Given records Block Start

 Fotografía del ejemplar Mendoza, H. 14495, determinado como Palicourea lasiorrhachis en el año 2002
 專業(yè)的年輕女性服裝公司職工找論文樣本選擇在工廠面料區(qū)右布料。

Given records Block End
Given records Block Start

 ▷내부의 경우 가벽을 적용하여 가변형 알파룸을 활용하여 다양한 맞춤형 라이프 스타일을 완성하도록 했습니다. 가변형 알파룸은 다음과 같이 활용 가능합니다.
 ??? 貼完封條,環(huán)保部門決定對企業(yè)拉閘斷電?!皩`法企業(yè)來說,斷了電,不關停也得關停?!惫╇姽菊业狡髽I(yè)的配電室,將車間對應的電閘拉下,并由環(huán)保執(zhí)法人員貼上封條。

Given records Block End

In the listing above, find the line with "Fotografía del ejemplar" and the line with "專業(yè)的年輕女性服裝公司職工找論文樣本選擇在工廠面料區(qū)右布料。"; set down exactly those two lines and every line between them, nothing more.

_Completed exercise:_
 Fotografía del ejemplar Mendoza, H. 14495, determinado como Palicourea lasiorrhachis en el año 2002
 專業(yè)的年輕女性服裝公司職工找論文樣本選擇在工廠面料區(qū)右布料。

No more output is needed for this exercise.